STORED DATA:
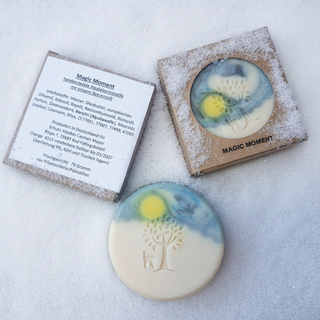 Diese handwerklich gefertigte Seife kombiniert die pflegenden Eigenschaften von Alpakakeratin mit einem fesselnden Beerenduft, der an winterliche Momente erinnert. Die sorgfältige Verarbeitung bewahrt die wertvollen Inhaltsstoffe und sorgt für eine sanfte, nährende Reinigung. Ein luxuriöses Pflegeerlebnis für anspruchsvolle Haut.
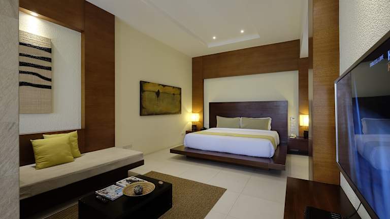 Jedes Zimmer im Kandaya Resort ist ein gemütlicher Rückzugsort mit einem Balkon oder einem Patio mit Garten- oder Meerblick. Die Zimmer verfügen über einen Sitzbereich, einen Flachbild-Kabel-TV und ein Sofa. Eine Minibar mit einer Nespresso-Kaffeemaschine und Teezubehör sowie ein Kleiderschrank mit einem Bügeleisen/-brett sind ebenfalls vorhanden. In Ihrem eigenen Bad finden Sie eine Dusche oder eine Badewanne vor. Handtücher, ein Haartrockner und kostenfreie Pflegeprodukte von Malin + Goetz liegen für Sie bereit.
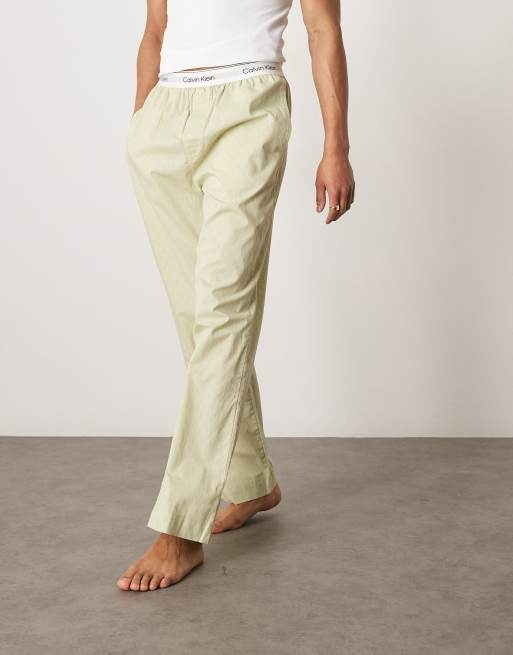 Calvin Klein – Zielone bawełniane spodnie od piżamy we wzór z monogramem

ASSIGNMENT:
Omit the pictures and give the material again, exactly and in full.

OUTPUT FOR THIS EXERCISE:
 Diese handwerklich gefertigte Seife kombiniert die pflegenden Eigenschaften von Alpakakeratin mit einem fesselnden Beerenduft, der an winterliche Momente erinnert. Die sorgfältige Verarbeitung bewahrt die wertvollen Inhaltsstoffe und sorgt für eine sanfte, nährende Reinigung. Ein luxuriöses Pflegeerlebnis für anspruchsvolle Haut.
 Jedes Zimmer im Kandaya Resort ist ein gemütlicher Rückzugsort mit einem Balkon oder einem Patio mit Garten- oder Meerblick. Die Zimmer verfügen über einen Sitzbereich, einen Flachbild-Kabel-TV und ein Sofa. Eine Minibar mit einer Nespresso-Kaffeemaschine und Teezubehör sowie ein Kleiderschrank mit einem Bügeleisen/-brett sind ebenfalls vorhanden. In Ihrem eigenen Bad finden Sie eine Dusche oder eine Badewanne vor. Handtücher, ein Haartrockner und kostenfreie Pflegeprodukte von Malin + Goetz liegen für Sie bereit.
 Calvin Klein – Zielone bawełniane spodnie od piżamy we wzór z monogramem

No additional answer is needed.